_INFORMATION_
----------------------------------------
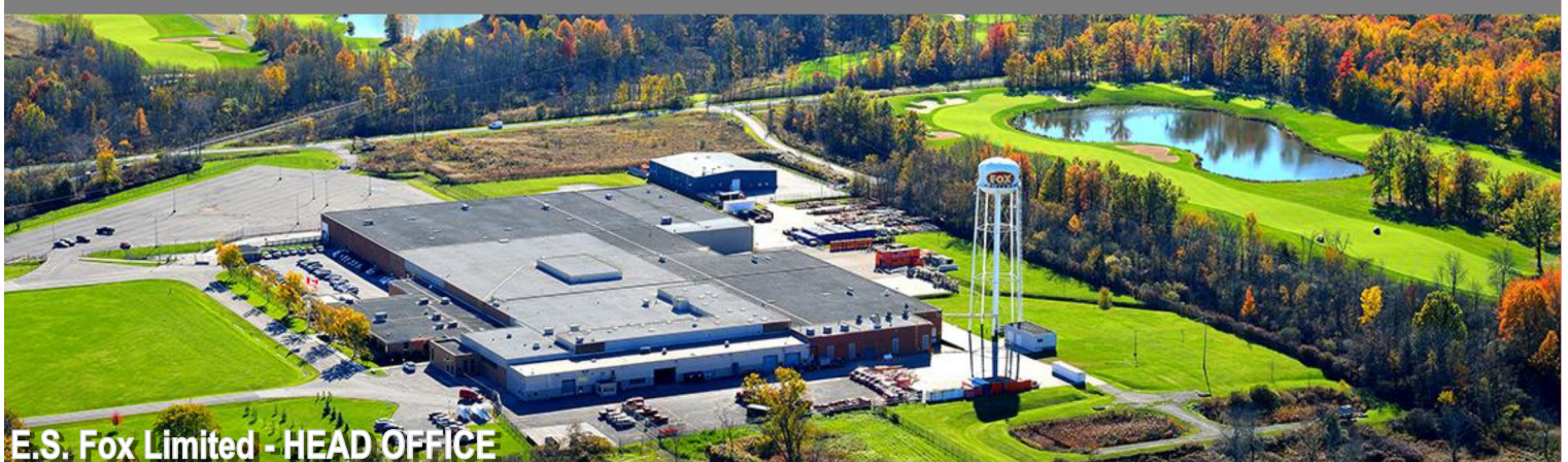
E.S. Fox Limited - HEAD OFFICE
----------------------------------------
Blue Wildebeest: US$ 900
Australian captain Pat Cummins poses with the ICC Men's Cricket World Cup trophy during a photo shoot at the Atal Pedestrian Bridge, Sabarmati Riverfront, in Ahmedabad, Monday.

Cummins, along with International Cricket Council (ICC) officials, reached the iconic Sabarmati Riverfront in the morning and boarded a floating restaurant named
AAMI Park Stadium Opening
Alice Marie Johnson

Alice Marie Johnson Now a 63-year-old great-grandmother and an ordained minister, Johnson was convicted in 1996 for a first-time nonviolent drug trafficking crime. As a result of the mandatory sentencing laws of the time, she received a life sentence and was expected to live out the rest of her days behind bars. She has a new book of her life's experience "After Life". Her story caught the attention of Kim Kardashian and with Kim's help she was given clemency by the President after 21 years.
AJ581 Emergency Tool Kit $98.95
----------------------------------------
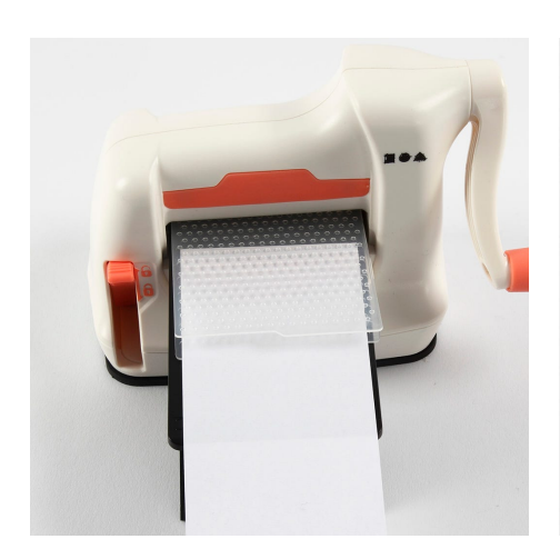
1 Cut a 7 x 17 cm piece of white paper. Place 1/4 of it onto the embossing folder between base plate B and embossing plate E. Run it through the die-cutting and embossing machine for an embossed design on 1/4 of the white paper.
----------------------------------------
Find "Cummins, along with" in the entries above and copy that whole line exactly, then each line after it through the line that contains "AJ581 Emergency Tool Kit $98.95".

_RESPONSE AREA_
Cummins, along with International Cricket Council (ICC) officials, reached the iconic Sabarmati Riverfront in the morning and boarded a floating restaurant named
AAMI Park Stadium Opening
Alice Marie Johnson

Alice Marie Johnson Now a 63-year-old great-grandmother and an ordained minister, Johnson was convicted in 1996 for a first-time nonviolent drug trafficking crime. As a result of the mandatory sentencing laws of the time, she received a life sentence and was expected to live out the rest of her days behind bars. She has a new book of her life's experience "After Life". Her story caught the attention of Kim Kardashian and with Kim's help she was given clemency by the President after 21 years.
AJ581 Emergency Tool Kit $98.95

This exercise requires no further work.